Return all of the data that follows precisely, leaving every image out.
Segment Start: Source data
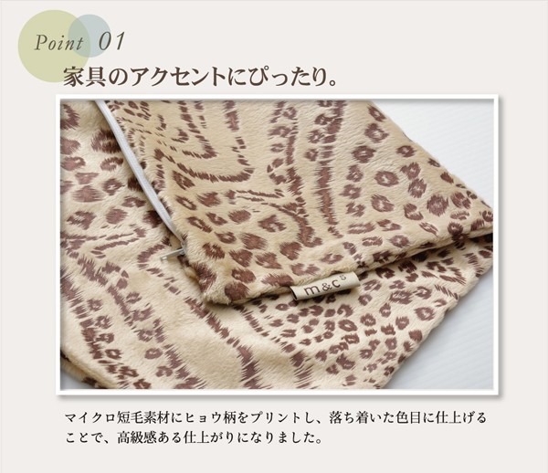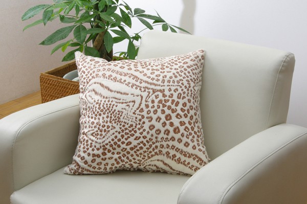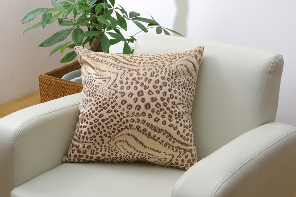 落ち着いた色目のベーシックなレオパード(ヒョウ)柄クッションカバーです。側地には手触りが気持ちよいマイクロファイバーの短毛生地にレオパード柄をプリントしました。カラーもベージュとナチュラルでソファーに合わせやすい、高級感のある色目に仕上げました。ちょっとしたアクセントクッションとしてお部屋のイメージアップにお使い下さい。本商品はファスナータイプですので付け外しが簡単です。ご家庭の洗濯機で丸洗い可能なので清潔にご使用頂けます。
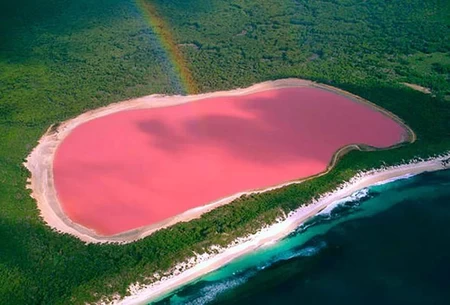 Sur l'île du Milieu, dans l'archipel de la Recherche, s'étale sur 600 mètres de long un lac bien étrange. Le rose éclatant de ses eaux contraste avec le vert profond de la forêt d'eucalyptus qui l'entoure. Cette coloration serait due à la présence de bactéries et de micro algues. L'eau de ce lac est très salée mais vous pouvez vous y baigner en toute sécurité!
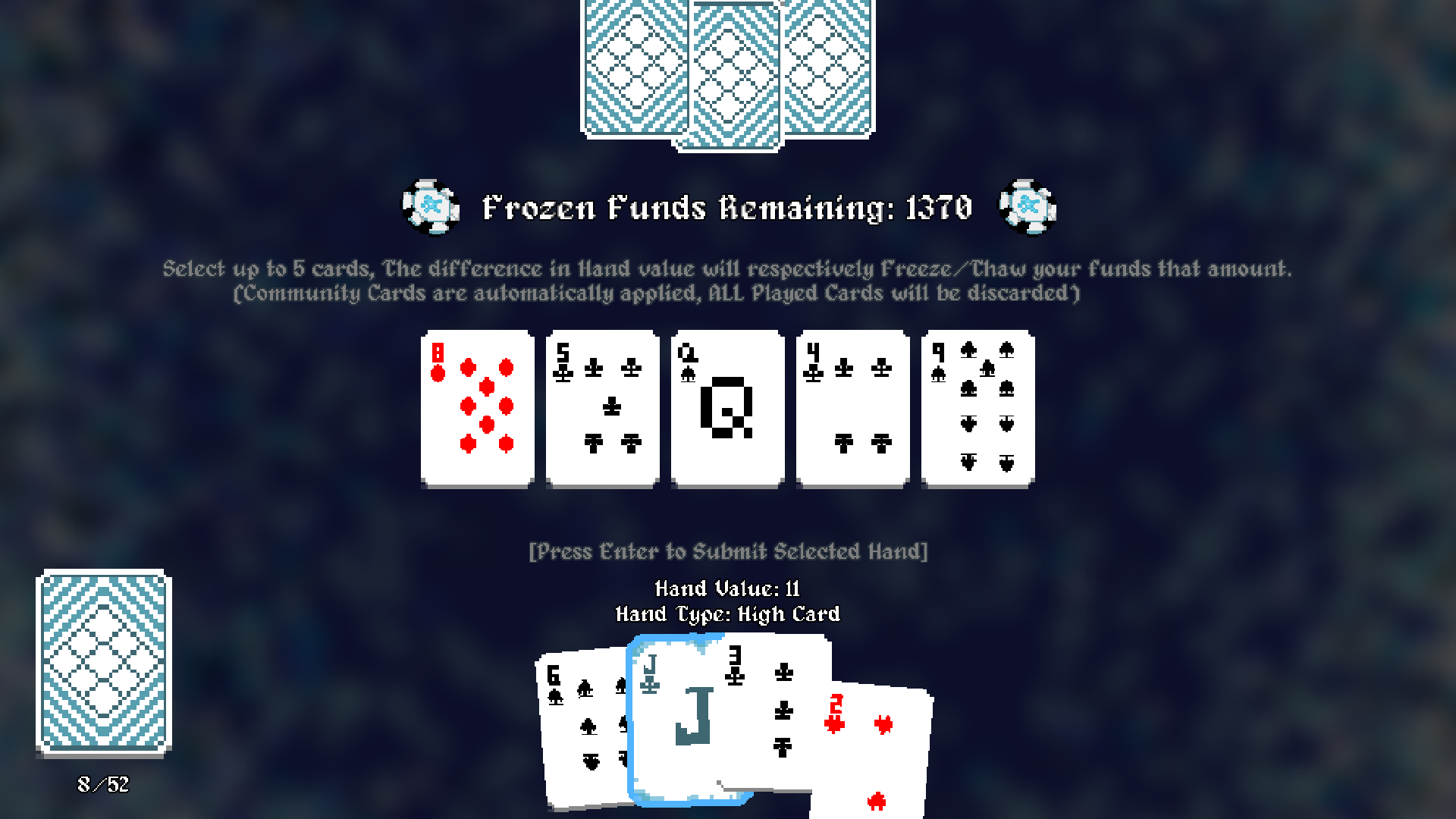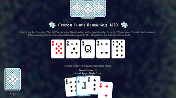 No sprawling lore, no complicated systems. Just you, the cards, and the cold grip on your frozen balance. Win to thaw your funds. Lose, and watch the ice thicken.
Segment End: Source data
Task solution ->
 落ち着いた色目のベーシックなレオパード(ヒョウ)柄クッションカバーです。側地には手触りが気持ちよいマイクロファイバーの短毛生地にレオパード柄をプリントしました。カラーもベージュとナチュラルでソファーに合わせやすい、高級感のある色目に仕上げました。ちょっとしたアクセントクッションとしてお部屋のイメージアップにお使い下さい。本商品はファスナータイプですので付け外しが簡単です。ご家庭の洗濯機で丸洗い可能なので清潔にご使用頂けます。
 Sur l'île du Milieu, dans l'archipel de la Recherche, s'étale sur 600 mètres de long un lac bien étrange. Le rose éclatant de ses eaux contraste avec le vert profond de la forêt d'eucalyptus qui l'entoure. Cette coloration serait due à la présence de bactéries et de micro algues. L'eau de ce lac est très salée mais vous pouvez vous y baigner en toute sécurité!
 No sprawling lore, no complicated systems. Just you, the cards, and the cold grip on your frozen balance. Win to thaw your funds. Lose, and watch the ice thicken.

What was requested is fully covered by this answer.